Однако не подумайте, будто мы всецело посвятили себя только изучению этой "библиотеки". Нет, мы побывали и в настоящем книгохранилище, совершенно изумительном своими древними сокровищами. Нас возили в город Эчмиадзин, в монастырь, местопребывание католикоса, главы армянско-григорьянско православной церкви, и мы удостоились даже узреть этого седовласого достойного патриарха. В этой библиотеке мы осмотрели древнегреческие списки сочинений Аристотеля и их старинные армянские переводы, множество изумительно художественных древних армянских изданий, уникальные сокровища армянской культуры. Побывали мы и в крупном промышленном центре Ленинакане, где прочитали каждый несколько публичных лекций, возили нас и на реку Араке, на самую границу с Турцией, в необыкновенно своеобразную живописную долину.

Но перед тем, как покинуть эту прекрасную страну, армянские руководители устроили прощальный банкет.
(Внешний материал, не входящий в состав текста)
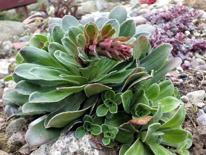 Розрив-трава котиледон – менш вимогливий вид, у природному середовищі існування зустрічається в Альпах. Висота без квітучих пагонів становить 10-15 см, під час цвітіння висота досягає 50 см. М’ясисті і зубчасті листки утворюють великі розетки, з яких росте квітконос. Після цвітіння розетка відмирає, але перш ніж це станеться, вона створить багато нових розеток. Білі квітки з’являються у червні, утворюючи волотисті суцвіття.
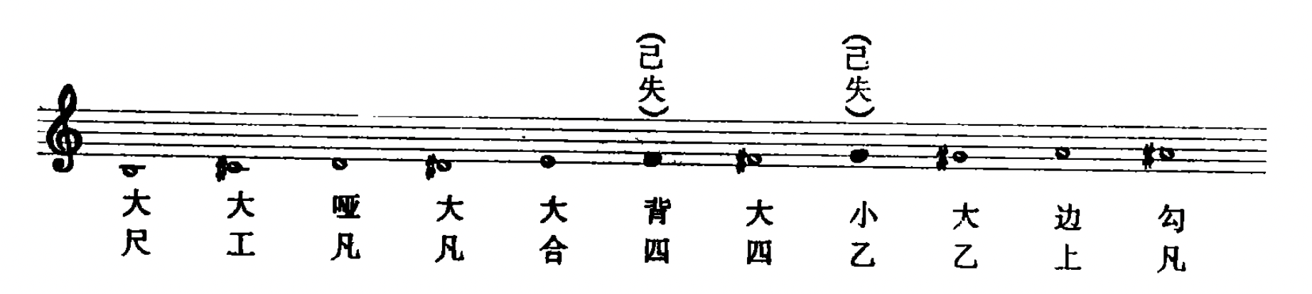 ”音高为d,既为日本琵琶谱字,又为正仓院藏十七簧紫竹笙笙簧音律,与雁北笙管乐谱字“
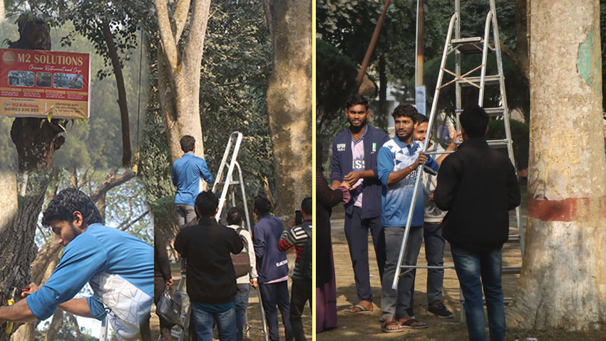 ইসলামী বিশ্ববিদ্যালয়ে (ইবি) ক্যাম্পাসের বিভিন্ন ফলজ ও বনজ গাছ থেকে পেরেক, ব্যানার ও ফেস্টুন অপসারণ
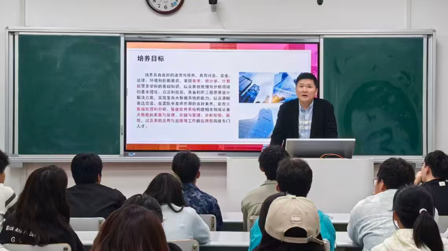 陶冶老师从大数据产业背景切入,结合“数据科学与大数据技术现代产业学院人才培养方案”,阐述专业定位、培养要求、课程配置与就业方向,展示分学期“实践教学体系”,介绍“九州(中国)-中软国际”产教融合资源,讲解多学科基础与数据处理技能,剖析前沿应用场景,鼓励新生深耕分析工具、参与实践项目与竞赛。
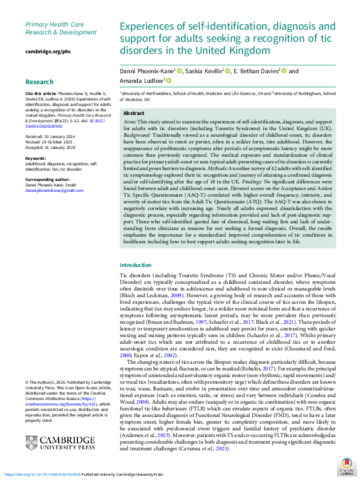 Experiences of self-identification, diagnosis and support for adults seeking a recognition of tic disorders in the United Kingdom
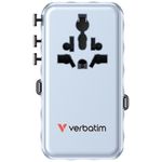 Verbatim Adaptor Universal GaN III 70W cu 2 Cabluri Retractabile USB-C PD 3.0 QC4+ 1 x USB-C 1 x USB-A Albastru

А поскольку издавна известно, что между грузинами и армянами существуют отношения, которые лишь при советской власти перестали быть откровенно враждебными, то, понятно, что армянское партийное руководство не пожелало ударить лицом в грязь, а, наоборот, постаралось переплюнуть своих соседей по части

 

 

- 190 -

роскоши угощений. Скажу только, что я выдержал и это испытание на прочность.
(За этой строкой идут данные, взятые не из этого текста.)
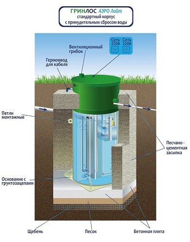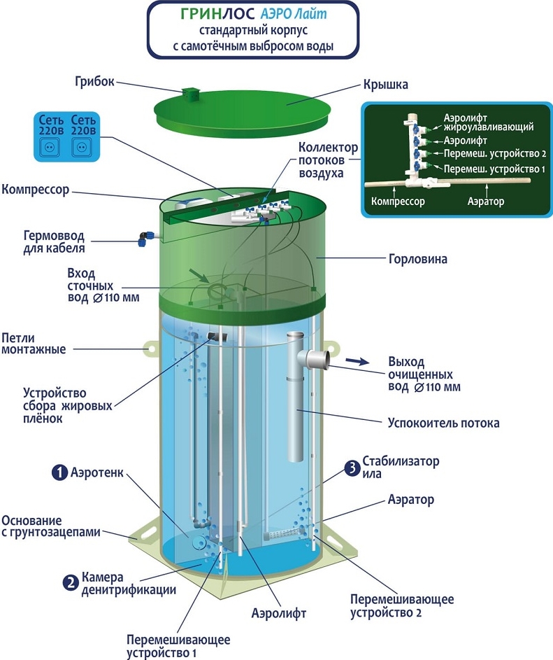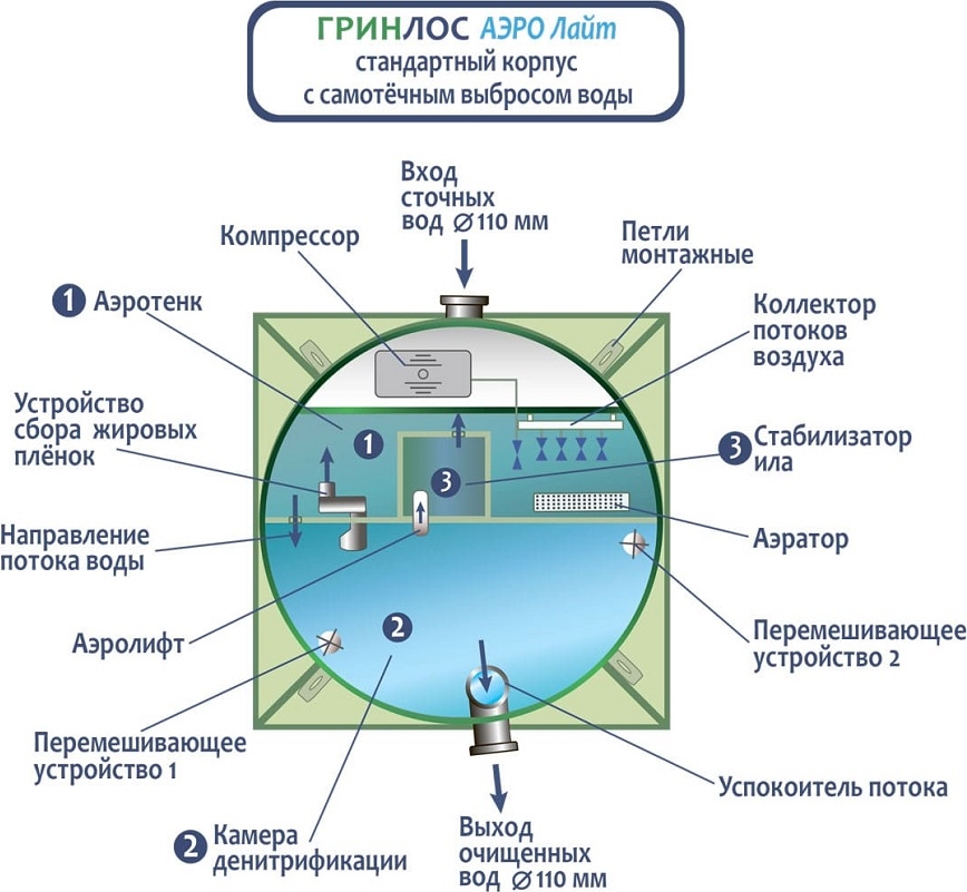 Станции Биологической Очистки Гринлос Аэро Лайт предназначены для расщепления и переработки основных органических загрязнений, содержащихся в бытовых сточных водах. Эти процессы происходят в результате жизнедеятельности аэробных и анаэробных микроорганизмов, условия для жизнедеятельности которых создает септик. Станция Гринлос Аэро Лайт сконструирована таким образом, что все камеры, в которых происходит аэрация, разделение и осветление стоков объединены в одном корпусе цилиндрической формы.

Из работы в Комакадемии упомяну еще, что, руководя Ассоциацией естествознания, я сменил О.Ю. Шмидта. Помнится, что как-то мы вдвоем обсуждали проект экспедиции в южную часть Тихого океана, но осуществить ее не удалось, и вместо нее, как известно, Отто Юльевич возглавлял легендарный поход "Челюскина". Помимо научных интересов, его привлекала надежда избавиться в Арктике от мучившего его туберкулеза легких. После его триумфального возвращения в 1934 году, он пригласил нас с женой к себе на дачу, на Николиной горе, где мы вместе пили чай с шоколадным "Челюскиным" - громадным тортом-пароходом, подарком работниц фабрики "Большевик". Отто Юльевич был человеком разносторонее одаренным, блестящим организатором, хорошим математиком, специалистом по теории групп, оригинальным космологом, и если он, как и многие другие, в том числе такие выдающиеся философы, как Карев, Луппол или Стэн, и допускали гегельянские ошибки, то пришивать ему, как и им, кличку "меньшевиствующих идеалистов" мог только Сталин. Отто Юльевич умер в возрасте 65 лет, в 1956 году, и, надо полагать, что только всемирная известность полярника спасла его - немца — от репрессий тридцатых и сороковых годов.